Saturday at Callanwolde was too much fun! Refugee Services held their annual "trip round the world of food". I had a great time showing people how to make a trio of easy and delicious recipes from Africa. My friend and fellow chef Beci Falkenberg made my job easy - and we did a lot of laughing and cooking for the hungry crowd.

Here's the African goodies we cooked up:
African Spice Dip

Dukkah
1/2 cup salted peanuts


1 Tsp chili powder


1/4 Tsp ground ginger


1/4 Tsp ground nutmeg


1/4 Tsp ground cloves


1/4 Tsp ground cinnamon


Kosher Salt to taste


Grind the peanuts to a coarse powder in a mortar, blender or food processor, and then add the ground mixed spice, chili powder and a little salt.

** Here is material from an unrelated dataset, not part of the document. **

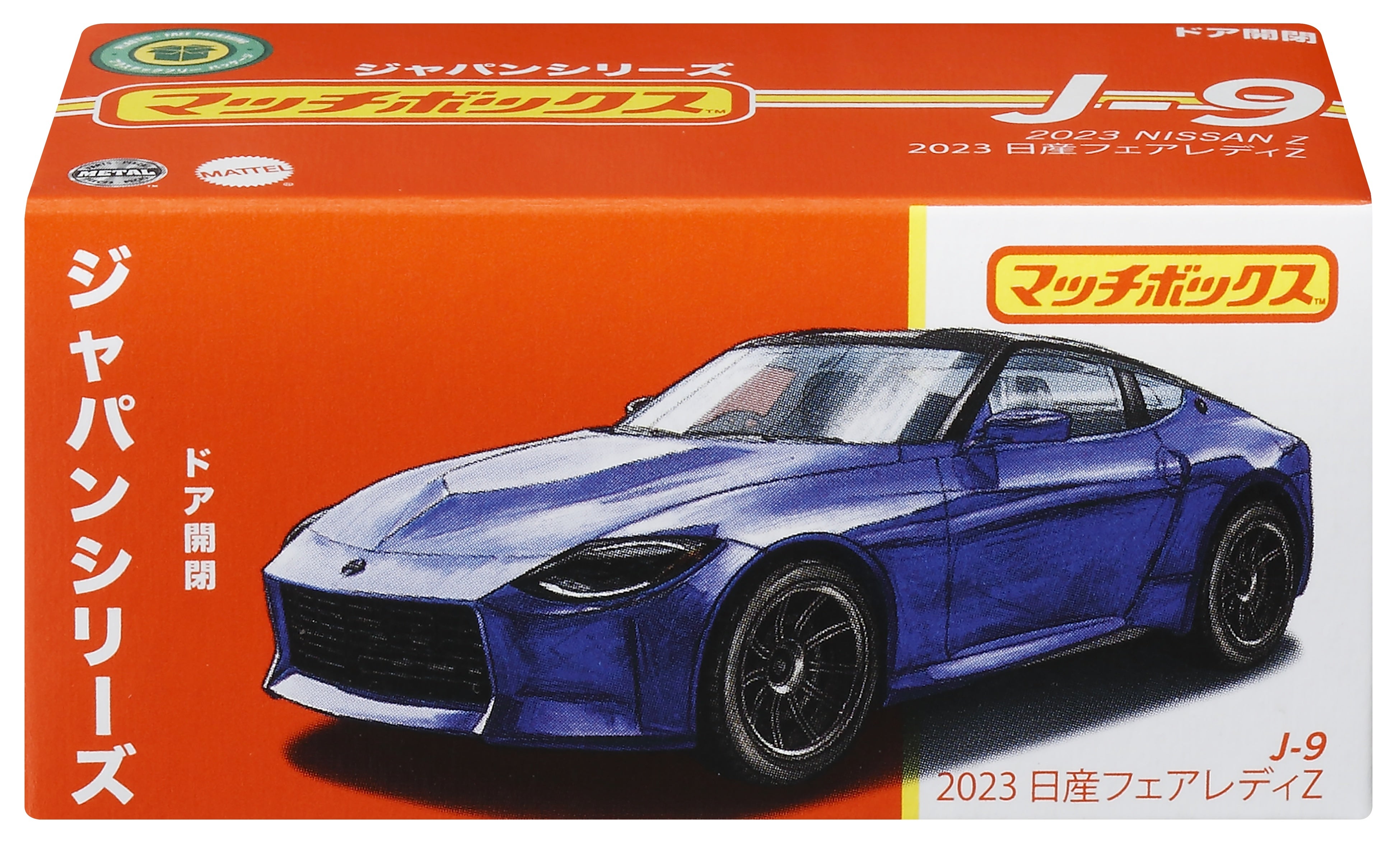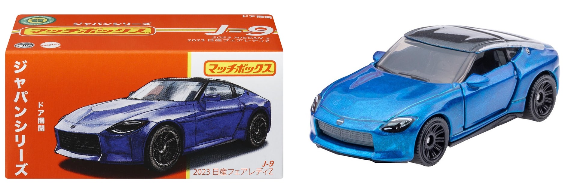 日本でも2022年夏ごろからデリバリーが開始された新型フェアレディZ(RZ34型)。最初に発売された実車は2021年にワールドローンチされたイカズチイエローのプロトタイプをモチーフにしたプロトスペックですが、マッチボックスでは2023年型の量産車を題材といたしました。開閉式のドアを開けると、外観同様、初代をイメージした3連センター補助メーターを備えたダッシュボードも再現されていることが分かり、ボディカラーはイカズチイエローに続いてメディア露出の多い、セイランブルーをチョイスしております。また、ルーフとホイールは実車同様にブラックアウトされております。

Serve with Goat Cheese topped Apple Slices. Or, use for a rub on Chicken or Pork, top Goat Cheese with it, Use as a dip for fresh fruit like Apples or Pears, or serve it with Crusty Bread and Olive Oil.

Tropical Coconut Fruit Salad with Mango Vinaigrette

1 Recipe Mango Vinaigrette*

1 Peeled and Cored Pineapple, in 1” Cubes

2 Large Navel Oranges, Peeled and Segmented

¼ Cup Coconut

½ Cup Chopped Peanuts

¼ Cup Chopped Mint

Toss the pineapple, oranges and mango together in a bowl. Drizzle with the Mango Vinaigrette, garnish with the coconut, peanuts and mint.

Mango Vinaigrette*

1 Mango, Coarsely Chopped

Zest and Juice of 1 Lime

Zest and Juice of 1 Orange

1 TB Chopped Cilantro

¼ Cup Rice Vinegar

1 Tsp Dijon Mustard

½ Cup Nut Oil

Kosher or Sea Salt and Freshly Ground Pepper To Taste

Place the mango, lime zest and juice, orange zest and juice, cilantro, vinegar and mustard in a blender or food processor and puree. With the machine running, drizzle in the oil. Taste and add the salt and pepper.

Black Eyed Peas with Rice

Theibou Niebe - Senegal

1 Tsp Olive Oil

1 Cup Minced Red Onion

2 Cloves Garlic, Grated

½ Cup Smoked Turkey or Chicken

1 Tsp Ground Cumin

¼ Tsp Freshly Cracked Black Pepper

1 (16 oz) Bag Frozen Black Eyed Peas, (Prepared as Package Directs)

1 (14 ½ oz) Can Fire Roasted Chopped Tomatoes, Undrained

½ Cup Minced Fresh Cilantro

¾ Cup Chopped Sweet Cherry Peppers

Kosher or Sea Salt and Freshly Cracked Black Pepper to Taste

Basmati Rice to Serve

Step One

Heat the olive oil over medium heat and sauté the onion, until golden. Add the garlic.

Step Two

Stir in the chicken, cumin, pepper, peas and tomatoes and bring to a boil. Remove from the heat and stir in cilantro and peppers. Season to taste with salt and pepper. Serve on top of Basmati Rice.

FAST FOOD FACT

Did you know frozen fruits and vegetables could be more nutritious than their fresh counterparts? When you pick fresh vegetables from your own garden, or buy them at a farmer’s market the day they are harvested, they are at the peak of freshness. But fresh produce from the supermarket may have been sitting for days or weeks in transit. Frozen fruits and veggies have been picked at the peak of ripeness, and are immediately flash frozen. Freezing locks in the minerals and vitamins. This means they may be more nutritious than those sitting in the grocery store for days.